== TASK GOAL ==
I'd like every entry returned exactly as it is, with the images left out.

Content starts

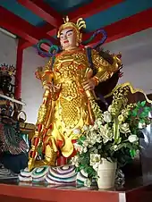 In Mahayana Buddhism, he is described as a manifestation of Mahābrahmārāja. He has five hair coils (頭五角髻), a handsome face (顏貌端正) and emanates purple-golden light (紫金色) that surpasses the light of the other devas. In Chinese Buddhism, Skanda (also sometimes known as Kumāra (鳩摩羅天)) is known as Weituo (韋陀 or 韋馱), a young heavenly general, the guardian deity of local monasteries and the protector of Buddhist dhamma.[60][61] According to Henrik Sørensen, this representation became common after the Tang period, and became well established in the late Song period.[62] He is also regarded as one of the twenty-four celestial guardian deities, who are a grouping of originally Hindu and Taoist deities adopted into Chinese Buddhism as dharmapalas.[63] Skanda was also adopted by Korean Buddhism, and he appears in its woodblock prints and paintings.[62]
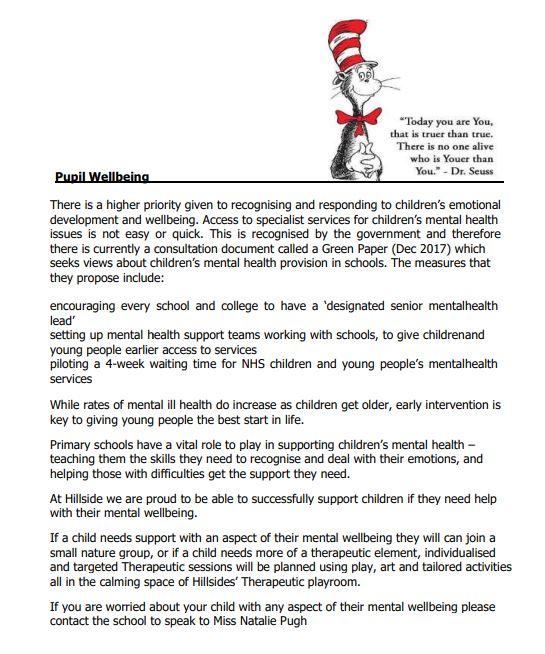 We are committed to supporting the mental health and wellbeing of our pupils and supporting their families to find good quality support and information. Hillside Infant School have set up a group with other local schools to develop our ability to respond and cater for a range of needs.
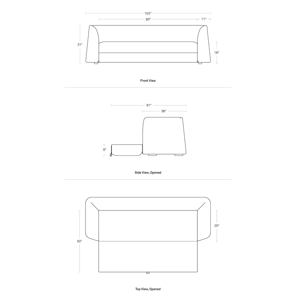 The Thataway Sleeper Sofa from Blu Dot is the perfect place to rest and recharge after a long day. Its combination of crisp curves, sweeping arms, and robust polyester and linen blend fabric make it a stylish addition to any home. With a supportive cushion of high-resiliency foam and an easily foldable seat cushion, that flips into a convenient bed, this sofa provides comfortable and versatile lounging for you and your guests. Highlights
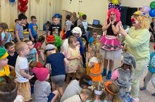Children and their parents came up with funny costumes. And our teachers have prepared a fun holiday for the children. Funny clowns came to visit the children, who throughout the holiday sang comic songs, told funny poems, danced, made riddles, participated in competitions and relay races. The children were delighted.
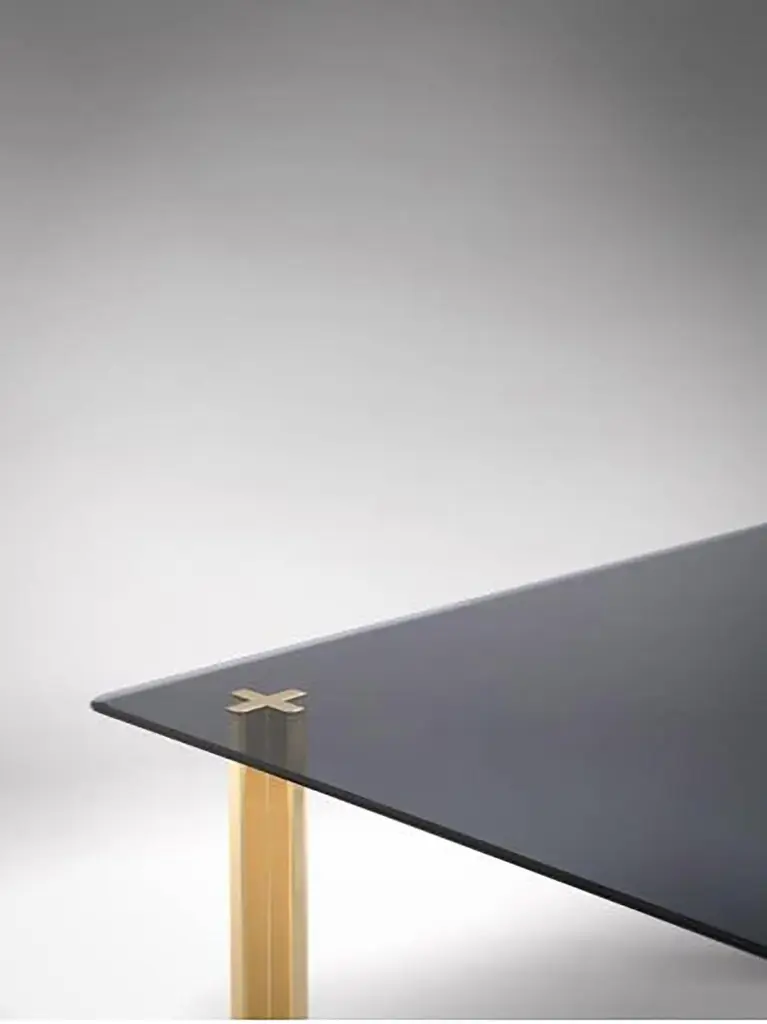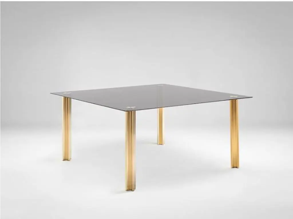 SEM Gold collection, square table with glass top: extra light transparent glass or smoke grey transparent glass (12 mm thick). Plated aluminium legs finished in 24-karat polished or fine brushed yellow gold. The Gold collection has a range of exemplary pieces that echo the past yet embrace the features of architectural modernism perceived as an intellectual, aesthetic and philosophical heritage. An expression of fine Italian craftsmanship and design that contributed to the development of Made in Italy, gold is a tribute to the country's unique heritage.
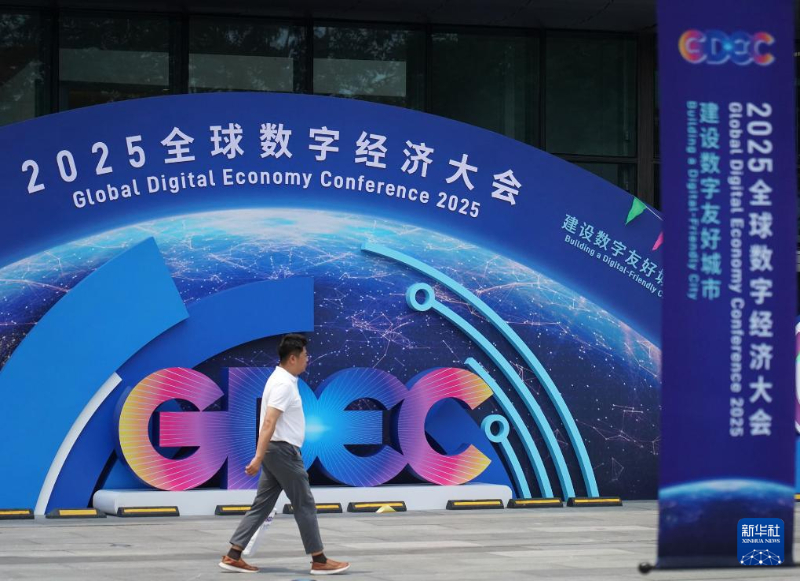 圖為參觀者從2025全球數(shù)字經(jīng)濟(jì)大會(huì)標(biāo)識(shí)前面經(jīng)過(guò)。新華社記者 張晨霖 攝
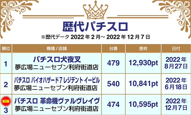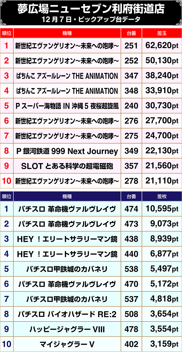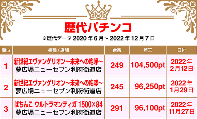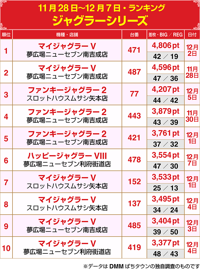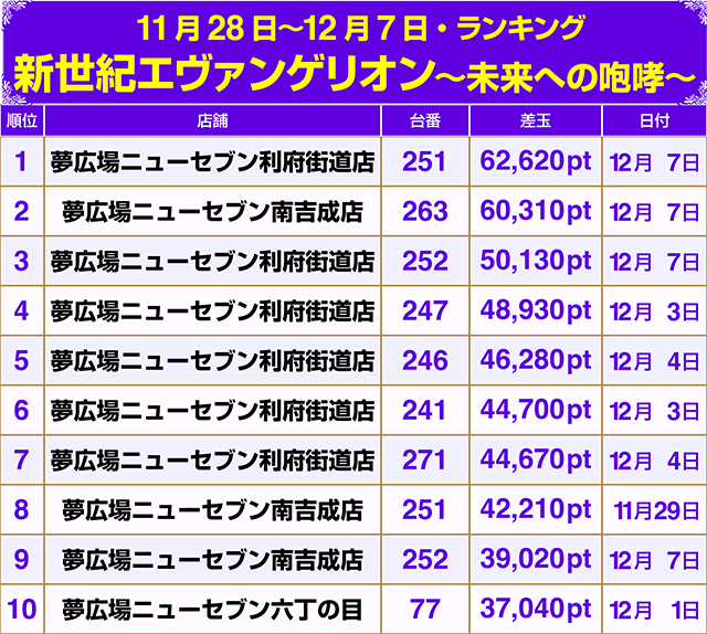 大規模な新台入替をはさんだ、11月28日から12月7日までの10日間!!

Content ends

== RESPONSE FOR THIS EXERCISE ==
 In Mahayana Buddhism, he is described as a manifestation of Mahābrahmārāja. He has five hair coils (頭五角髻), a handsome face (顏貌端正) and emanates purple-golden light (紫金色) that surpasses the light of the other devas. In Chinese Buddhism, Skanda (also sometimes known as Kumāra (鳩摩羅天)) is known as Weituo (韋陀 or 韋馱), a young heavenly general, the guardian deity of local monasteries and the protector of Buddhist dhamma.[60][61] According to Henrik Sørensen, this representation became common after the Tang period, and became well established in the late Song period.[62] He is also regarded as one of the twenty-four celestial guardian deities, who are a grouping of originally Hindu and Taoist deities adopted into Chinese Buddhism as dharmapalas.[63] Skanda was also adopted by Korean Buddhism, and he appears in its woodblock prints and paintings.[62]
 We are committed to supporting the mental health and wellbeing of our pupils and supporting their families to find good quality support and information. Hillside Infant School have set up a group with other local schools to develop our ability to respond and cater for a range of needs.
 The Thataway Sleeper Sofa from Blu Dot is the perfect place to rest and recharge after a long day. Its combination of crisp curves, sweeping arms, and robust polyester and linen blend fabric make it a stylish addition to any home. With a supportive cushion of high-resiliency foam and an easily foldable seat cushion, that flips into a convenient bed, this sofa provides comfortable and versatile lounging for you and your guests. Highlights
Children and their parents came up with funny costumes. And our teachers have prepared a fun holiday for the children. Funny clowns came to visit the children, who throughout the holiday sang comic songs, told funny poems, danced, made riddles, participated in competitions and relay races. The children were delighted.
 SEM Gold collection, square table with glass top: extra light transparent glass or smoke grey transparent glass (12 mm thick). Plated aluminium legs finished in 24-karat polished or fine brushed yellow gold. The Gold collection has a range of exemplary pieces that echo the past yet embrace the features of architectural modernism perceived as an intellectual, aesthetic and philosophical heritage. An expression of fine Italian craftsmanship and design that contributed to the development of Made in Italy, gold is a tribute to the country's unique heritage.
 圖為參觀者從2025全球數(shù)字經(jīng)濟(jì)大會(huì)標(biāo)識(shí)前面經(jīng)過(guò)。新華社記者 張晨霖 攝
 大規模な新台入替をはさんだ、11月28日から12月7日までの10日間!!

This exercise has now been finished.